Lazy expiry on Get returns (_, false) for stale entries without mutating the map. A background GC sweeper compacts the map periodically so its size remains bounded when many sandboxes are created and released.
The cache is a latency optimization, NOT a source of truth. The Informer fallback in K8sSandboxRouter always reconciles correctness.
func NewRouteCache ¶
func NewRouteCache(ttl time.Duration) *RouteCache
NewRouteCache returns a RouteCache with the given per-entry TTL. A TTL of 1 minute is appropriate for the push-on-Create use case: the Informer normally catches up well within that window and takes over.
func (*RouteCache) Delete ¶
func (c *RouteCache) Delete(sandboxID string)
Delete removes the entry for sandboxID. No-op if absent.
func (*RouteCache) Get ¶
func (c *RouteCache) Get(sandboxID string) (RouteEntry, bool)
Get returns the entry for sandboxID and whether it is present and fresh. Expired entries are treated as misses (no map mutation happens on the read path — the sweeper reclaims them asynchronously).
func (*RouteCache) Len ¶
func (c *RouteCache) Len() int
Len returns the current entry count. Useful for metrics and tests.
func (*RouteCache) Put ¶
func (c *RouteCache) Put(sandboxID string, e RouteEntry)
Put inserts or overwrites the entry for sandboxID. ExpiresAt is set to time.Now().Add(ttl), so repeated Puts refresh the TTL. The caller should supply PodIP/Phase/Namespace/PodName; ExpiresAt in the argument is ignored.

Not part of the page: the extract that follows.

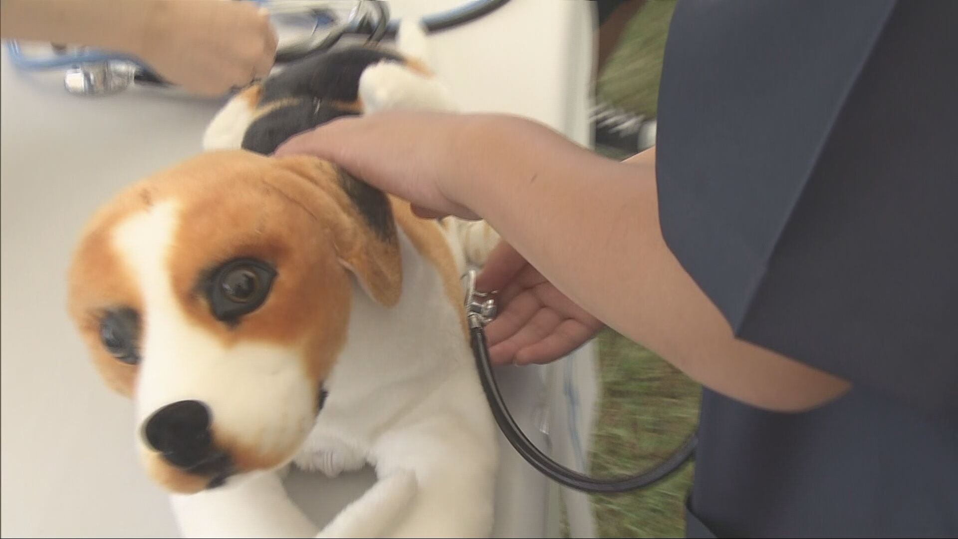 会場には、獣医師の仕事を体験できるブースが設けられ白衣を着た子どもたちは、犬のぬいぐるみを使って診療やケアの体験をした他、聴診器の使い方について医師からアドバイスを受けました。

func (*RouteCache) StartGC ¶
func (c *RouteCache) StartGC(ctx context.Context, interval time.Duration)
StartGC launches a background goroutine that periodically drops expired entries. It is safe to call multiple times; each call starts a new goroutine that lives until ctx is cancelled. A single call per cache is the norm.
type RouteEntry ¶
RouteEntry is one cached sandboxID -> (ns, pod_name) mapping. It carries neither Phase nor PodIP: those are read live from the Pod informer cache at request time so the entry never goes stale across Pod lifecycle transitions (Starting -> Running -> Stopping).
type RouteTarget ¶
RouteTarget holds the extracted sandbox ID, port, and the rewritten path.
type SandboxRoute ¶
SandboxRoute holds the resolved upstream destination for a sandbox request.

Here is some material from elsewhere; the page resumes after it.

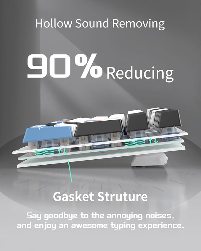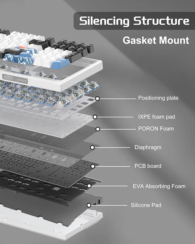 - 5-LAYER SOUND ABSORBING FILLING: In order to improve the noise situation, this wireless gasket keyboard is equipped with a IXPE foam pad, PORON foam, diaphragm, EVA soundproofing foam and silicone absorbing pad in the gaps between the positioning plate, PCB board and bottom. This greatly reduces the resonance space inside the keyboard, thereby suppressing hollow sounds and making every key press comfortable and pleasant. For gamers and office users, this keyboard is a great addition to the desktop.

func (*SandboxRoute) DestHost ¶
func (r *SandboxRoute) DestHost() string
DestHost formats the route as "IP:Port" for the x-envoy-original-dst-host header.
type SandboxRouter ¶
type SandboxRouter interface {
ResolveSandboxRoute(ctx context.Context, sandboxID string, port int) (*SandboxRoute, error)
}
SandboxRouter resolves the destination Pod for a given sandbox ID. Implement this interface to swap in a cache-backed or test-double router.
type Server ¶
type Server struct {
extProcPb.UnimplementedExternalProcessorServer
// contains filtered or unexported fields
}
Server is the gRPC ExtProc server that runs alongside the Gin REST API.
func New ¶
func New(cfg ServerConfig, adminKeyMgr *apikey.AdminKeyManager, keyStore apikey.KeyStore, router SandboxRouter, activityTracker *ActivityTracker, clusterStore *cluster.Store, localClusterID string) *Server
New creates a new ExtProc gRPC Server.
- bindAddr – TCP address to listen on (e.g. ":9002").
- adminKeyMgr – Admin key manager (pass nil to disable auth / dev mode).

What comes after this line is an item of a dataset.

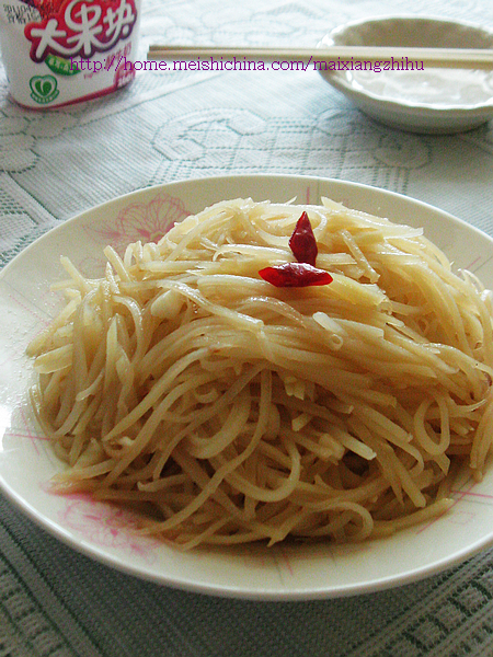 及以下步骤:土豆一个,洗净削皮。 用擦子擦成细丝。 土豆一个,洗净削皮。 用擦子擦成细丝。 土豆一个,洗净削皮。 用擦子擦成细丝。 把土豆丝放入盆里,加入清水没过土豆丝,然后加入一点醋和盐,浸泡五分钟。加醋和盐的目的是为了除去土豆的淀粉和让土豆丝更加爽脆。 加入一勺盐、一勺糖、生抽、少许醋,搅拌均匀。 加少许油,加入辣椒煸一下,然后加入土豆丝。 大火翻炒,然后加入调好的汁,出锅前加入蒜粒。这款土豆丝,味道浓郁,非常好吃。

- keyStore – Tenant key store for validating opaque tokens.
- router – Resolves sandbox ID → Pod IP:Port.
- activityTracker – Records per-sandbox last-active timestamps (may be nil).
- clusterStore – Cross-cluster config store (nil to disable cross-cluster routing).
- localClusterID – Identifier of the local cluster (empty to disable cross-cluster routing).
func (*Server) Process ¶
func (s *Server) Process(srv extProcPb.ExternalProcessor_ProcessServer) error
Process implements envoy.service.ext_proc.v3.ExternalProcessor/Process.
The method runs a receive loop over the bidirectional stream. In the current configuration Envoy only sends RequestHeaders messages (all body/trailer modes are set to NONE/SKIP), so one exchange per HTTP request is expected.